Но, успев попрощаться с жизнью, я внезапно получил отсрочку. Он прижал меня к дереву, а потом, вложившись в удар, загнал лезвие в ствол, глубоко, настолько, что даже в таком состоянии не смог выдернуть. Тут я слегка оживился и ударил его кулаком в живот, ожидая, что он согнётся пополам. Не вышло, удар был равносилен удару по тому самому дереву, он только сделал полшага назад, а потом снова бросился на меня.

Будучи вдвое легче, он сумел сбить меня с ног, а потом две тонкие ладони сомкнулись вокруг моего горла. Сжал словно стальными тисками. У меня начало темнеть в глазах, кислород в лёгких стремительно заканчивался, а сил оторвать руки от себя у меня не было. Я дотягивался до его лица, бил кулаком, пытался выдавить глаз, — ничего не помогало. Когда сознание начало отключаться. Я вспомнил о ноже в ножнах. Ухватился за рукоятку, вынул клинок и, развернув плашмя, загнал ему между рёбер. Это не мертвец, ему нужно сердце, чтобы прокачивать кровь.

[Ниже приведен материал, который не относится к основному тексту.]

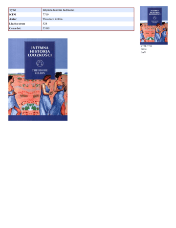 Tytuł Intymna historia ludzkości KTM 7719 Autor Theodore Zeldin Liczba stron 528 Cena det. 55.00 KTM: 7719 ISBN: EAN: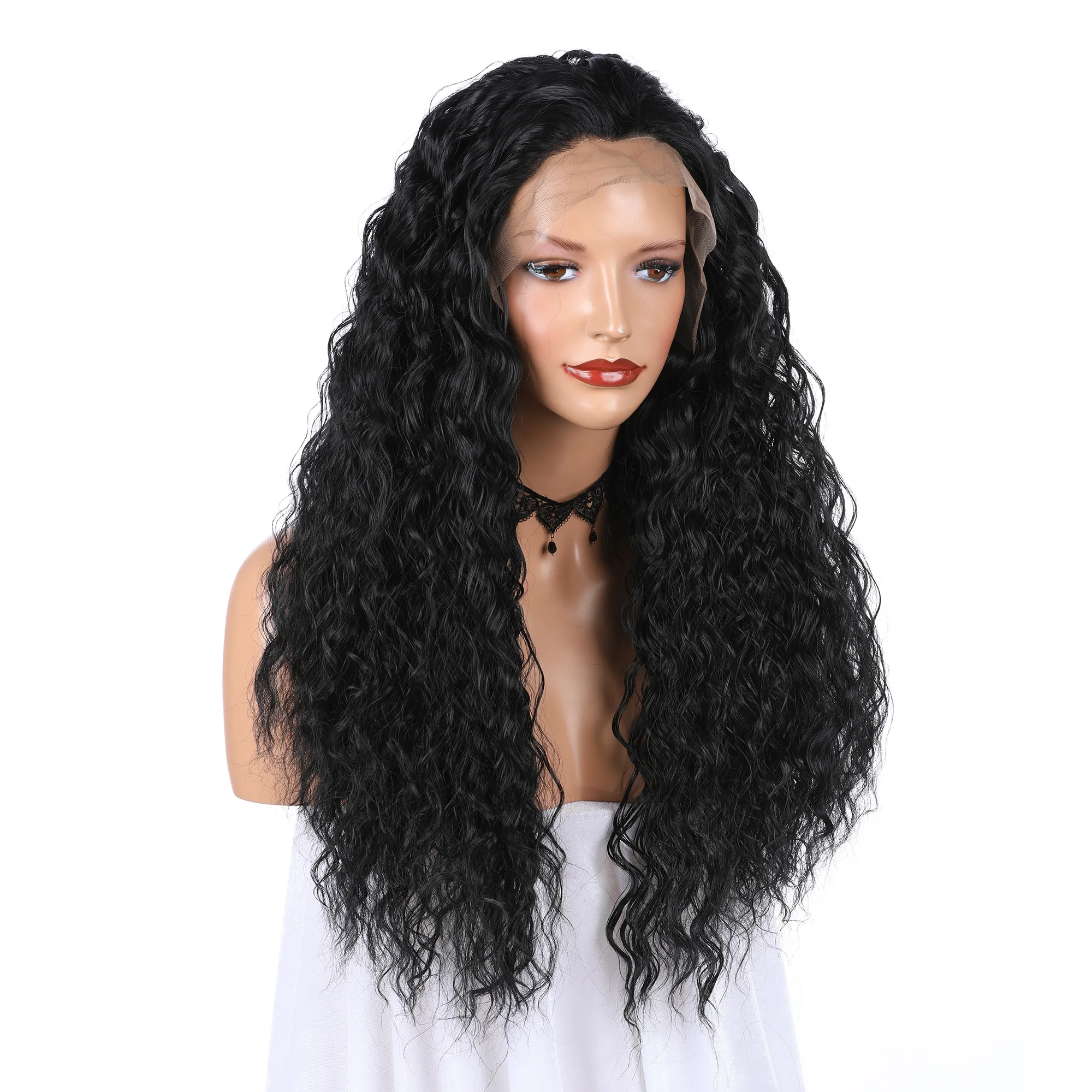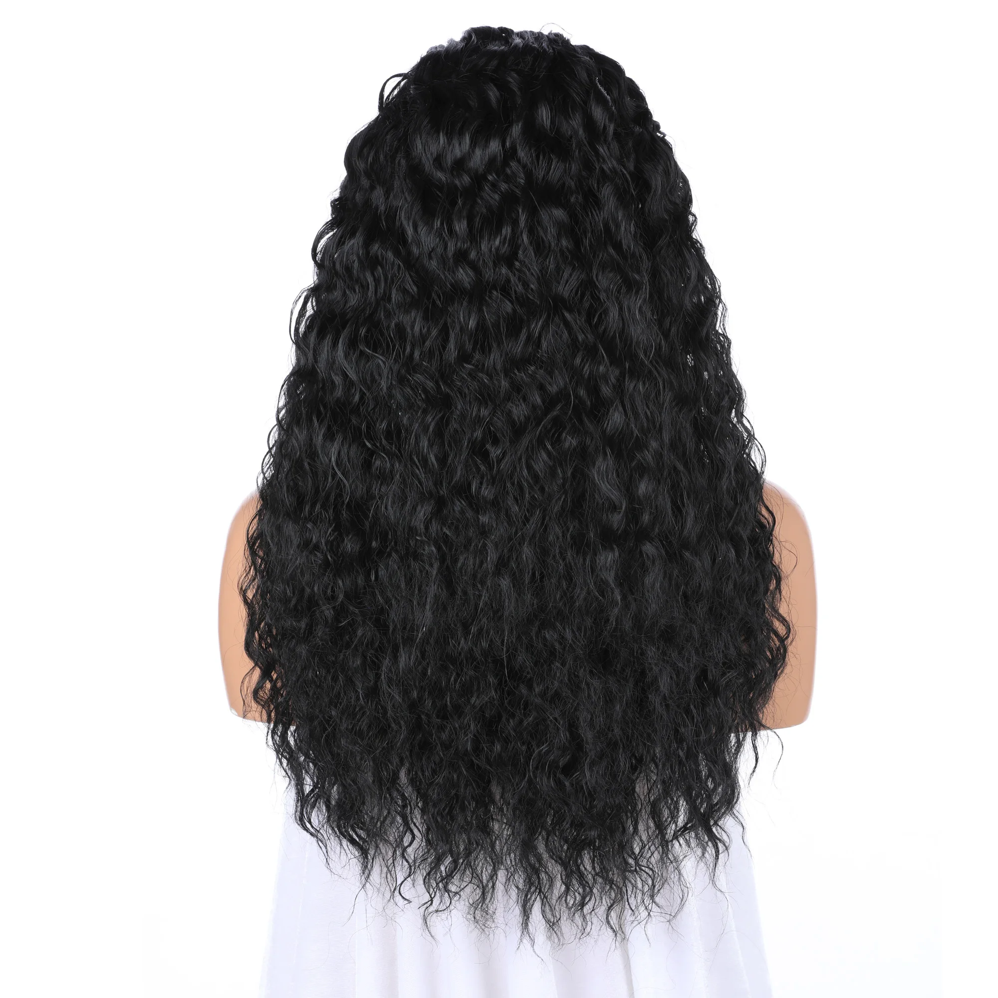 Черный цвет мягкие кудрявые длинные бесклеевые кружевные передние парики Высокая температура для черных женщин с детскими волосами 180% Плотность 26 дюймов

Когда я уже перестал что-то видеть, хватка на горле вдруг ослабла. Женя вздрогнул, потом руки его окончательно разжались. Последним усилием я столкнул с себя его тело, казавшееся необычайно лёгким. Клинок ножа вышел из его тела, на нём было совсем немного крови, зато имелась какая-то чёрная труха, вроде раскрошенного поролона.

Я был жив. А мой друг мёртв, глупо, обидно, жалко. А исправить ничего нельзя. Он ведь просто не успел сказать, тогда мы связали бы его и позволили умереть. А теперь мёртв и Морд, умелый воин, но при этом наивный юноша, ещё не видевший жизни. А за каким-то чёртом я жив.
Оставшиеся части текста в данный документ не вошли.